Were Ito bang on like this to the average British citizen, the light bulb probably wouldn't even flicker. But what about the tastes of our supposedly more discerning citizens, especially the upwardly mobile, wealthy ones? Outside Paleros village, on the remote Ionian coast north-west of Athens, is a 'Mark Warner' resort where thirtyto forty-something Brits — and their mostly privately educated children — spend an expensive two-week summer break.

A Mark Warner holiday is a British version of the French Club-Med, only better. Because the nannies tend to be stout British lasses from Liverpool, Leeds and the like, they can communicate — more or less — with your child, while more lithesome twenty-something British 'Bay Watch' wannabes teach you to water-ski, sail, scuba-dive, windsurf, and how to improve your tennis. Or you can just relax on the complex's vast private sandy beach.

The manager is Kostas Goros, and, with his background in food and catering, he's a bit of a foodie. When he took the job in Paleros he had high hopes of tantalising his classy British guests, beginning with this breakfast menu made entirely from fresh local produce: olives, eggs scrambled with sautéed courgettes and potatoes, real feta cheese, home-baked bread, sweet melon, local yoghurt, local figs (when in season) and halva, a moist, sweet kind of cake. 'Food is pretty tasteless in UK supermarkets,' he said, 'so I was an optimist.'

Of course, this sunny assumption about his guests' palates was also based on their status. Here is the thrusting young invest ment banker who is just beginning to make a mint; the super confident consultant with a thriving private practice; the risk-taking entrepreneur whose business is booming. And OK, the odd media type too.

'I wanted to share my experience,' explained Kostas. 'I like choosing food for my guests.' Maybe, but they didn't much like his choice of breakfast. `Hardly anyone touched it,' he lamented. As for the fresh figs, his sophisticated British guests 'thought they looked funny'.

By 8 a.m. in Greece, the sun is up, and by 10 a.m. it's a furnace.

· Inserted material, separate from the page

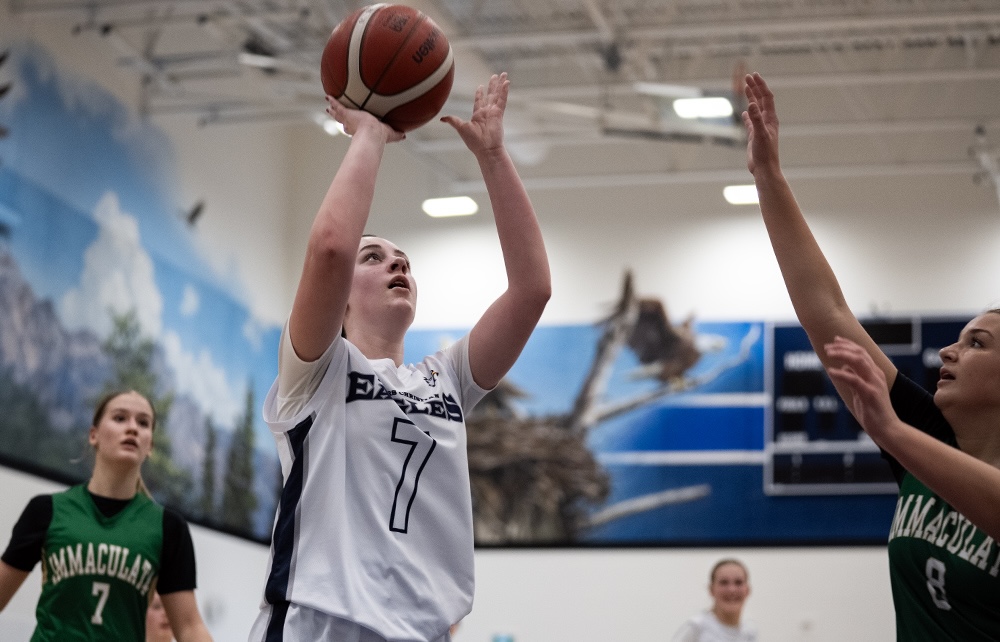Both teams showed good ball movement following the opening tip, which led to a wide-open corner three-pointer chance for Mustangs’ sophomore guard Sloane Fuglestveit, who didn’t hesitate and knocked it down to open the game’s scoring. From there, the Eagles turned on the jets. After Hooft scored a nothing-but-net elbow jumper, she followed up with an emphatic block on defence that turned into another two points in transition. This was the beginning of an 11-0 run for the Eagles, who then carried that momentum on both ends of the floor through the rest of the quarter, ending the frame with some breathing room, leading 19-7.

But the meal that Brits seem tethered to — wherever they are and whoever they are — is the Great British Breakfast. So, here in the heart of the Mediterranean, alongside the fresh melons and apples, are tins of peaches and diluted concentrate of fruit juice. Also packets of Coco Pops, fried eggs next to containers of streaky bacon, hash-browns from frozen packets, vats of different ketchups and, of course, sausages (but not the spicy local ones with lots of garlic). Alternatively, there are omelettes, stuffed with chopped processed ham, tinned mushrooms and cheese.

Although my holiday compatriots liked greasy breakfasts, they weren't too taken with the grease in Greece. Thus ham fritters were in; and olive-oil-soaked fresh peppers, aubergines, wild greens and prawns were out. 'I have learned that, on the whole, the English like dry items,' Kostas remarked drily. Well, that's not quite right. Local flake fish, delicious with just seasoning, lemon and oil because it's so light and flaky, was entombed in batter. 'We have learnt that our guests eat four to five times as much if we cook flake fish in batter,' said Kostas. 'We've created a little England for them that's nice and safe . . . they need to see familiar things.'

Chicken a la creme or beef stroganoff are familiar items on the kind of British menus that boast of 'medleys of fresh garden vegetables' and salads `drizzled' with dressing. So Kostas's moustachioed, jolly, yet perplexed Greek chefs now flambe chicken or beef in great sheets of flame and cover with lashings of cream.

As for fish, there are no fewer than 12 local varieties taken from the clear aquamarine waters. But since too many upmarket Brits don't like fish-bones and can't handle being eyeballed by a dead vertebrate, alongside the bream there's sole, flown in, filleted and frozen, and — God help us — dunked in a curry sauce.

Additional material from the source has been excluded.